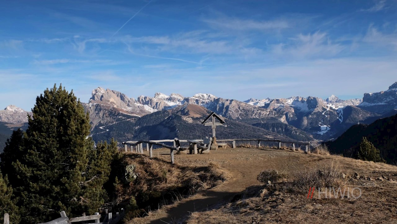 Hinter dem Bergrestaurant auf 2.100 m Höhe wandert man teils eben, teils im leichten Anstieg durch sanfte Bergwiesen zum Fillner Kreuz, dem östlichsten Aussichtspunkt des Puflatsch. Hier liegt einem das Grödnertal wortwörtlich zu Füßen.
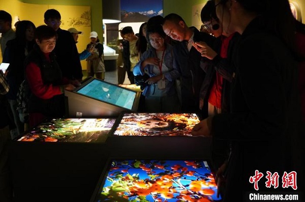 Des visiteurs admirent des photos de la faune et de la flore de la préfecture de Garzê exposées.
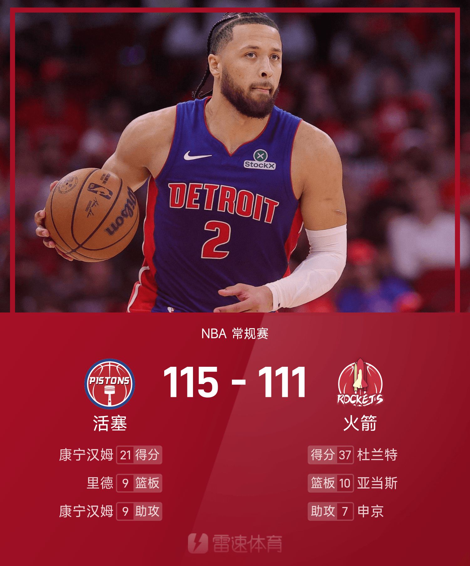 NBA戰報:康寧漢姆21分7板9助,活塞115-111火箭
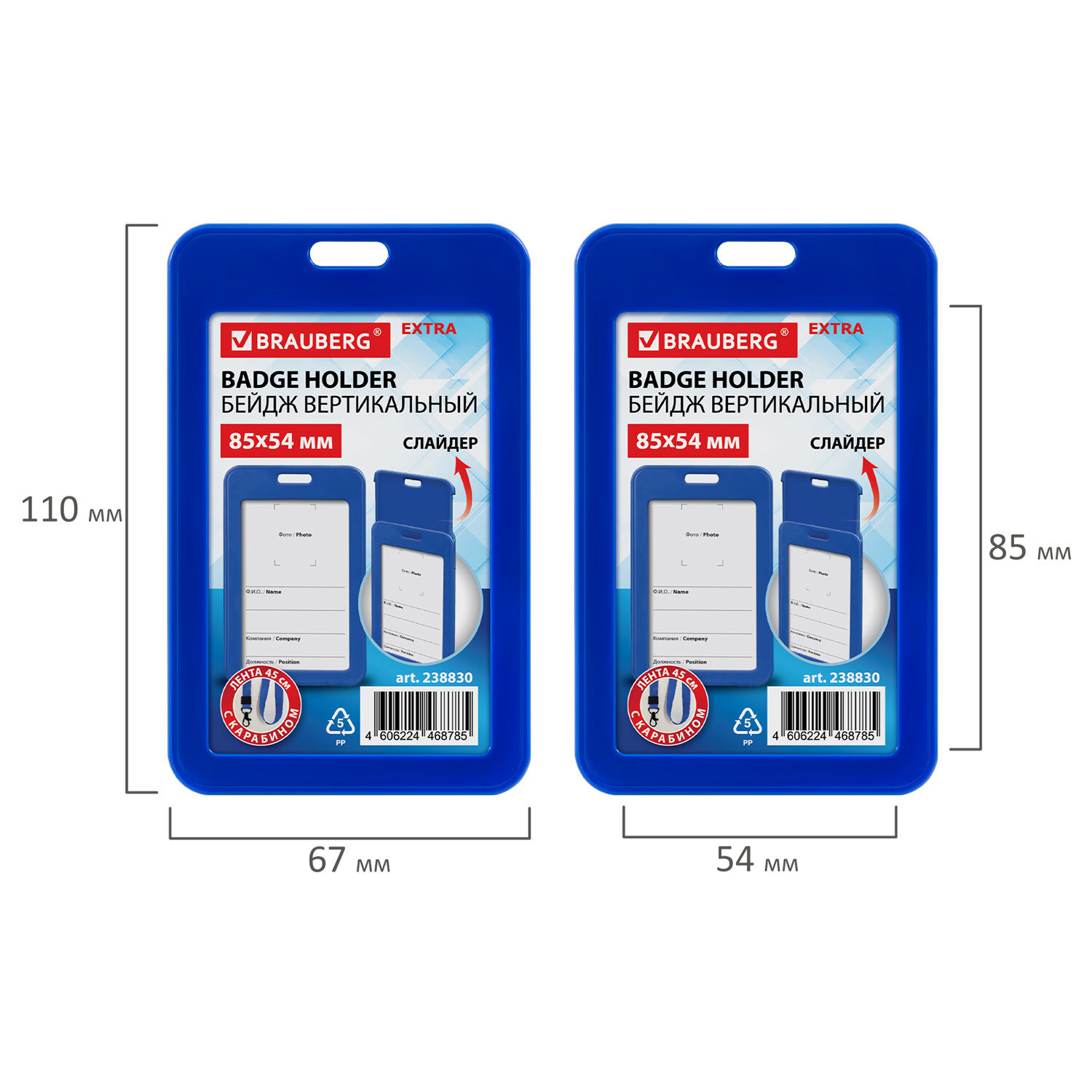 Бейдж вертикальный (85х54 мм), с рулеткой 70 см с клипом, СЛАЙДЕР, синий, BRAUBERG EXTRA Код товара: 238844 120,78 ₽ Купить Производитель:BRAUBERG Вертикальный бейдж с рулеткой BRAUBERG для хранения тонких пропусков, карточек, ID-карт, проездных и банковских карт. Бейдж-слайдер с держателем-рулеткой 70 см. Изготовлен из жесткого пластика, гарантирующего долгий срок службы и защищающего от внешних воздействий Вашу именную карту. Идеально подойдёт для чувствительных к механическим повреждениям магнитных карт и пропусков. Держатель-рулетка оснащен клипсой, благодаря которой его можно с лёгкостью закрепить на поясе или любом другом элементе одежды. Размер вкладыша – 85х54 мм. Максимальная толщина пропуска – 1 мм (одна стандартная банковская карта). *Вкладыш бейджа без персонализации, на изображении показан возможный пример использования изделия.Производство: КитайТип бейджа: слайдерТип крепления: держатель с рулеткойПоложение: вертикальноеКоличество в комплекте: 1 шт.Размер вкладыша (ДхШ): 85х54 ммРазмер бейджа (ДхШ): 110х67 ммСерия: SliderЦвет крепления: синийМатериал корпуса: твердый пластикЦвет корпуса: синийДлина нити в держателе-рулетке: 70 смНаличие картонной вставки: даВес: 35 грРазмер упаковки: 1.9 × 11 × 7 смОбъём: 0.0002 м3Промежуточная упаковка: 10 штТранспортная упаковка: 240 штШтрих-код: 4606224468921 Файлы Сертификат-1.jpg Сертификат-2.jpg Сертификат-3.jpg Сертификат-4.jpg Сертификат-5.jpg Сертификат-6.jpg Сертификат-7.jpg Сертификат-8.jpg Сертификат-9.jpg Сертификат-10.jpg Сертификат-11.jpg Сертификат-12.jpg Сертификат-13.jpg Сертификат-14.jpg Сертификат-15.jpg Сертификат-16.jpg Сертификат-17.jpg Сертификат-18.jpg Сертификат-19.jpg Сертификат-20.jpg Сертификат-21.jpg Сертификат-22.jpg Сертификат-23.jpg Сертификат-24.jpg Сертификат-25.jpg Сертификат-26.jpg

Task item. Look above for the line containing "Des visiteurs admirent", then write out every line from there down to the line containing "NBA戰報:康寧漢姆21分7板9助,活塞115-111火箭", that line included, with no pictures.

Task response.
 Des visiteurs admirent des photos de la faune et de la flore de la préfecture de Garzê exposées.
 NBA戰報:康寧漢姆21分7板9助,活塞115-111火箭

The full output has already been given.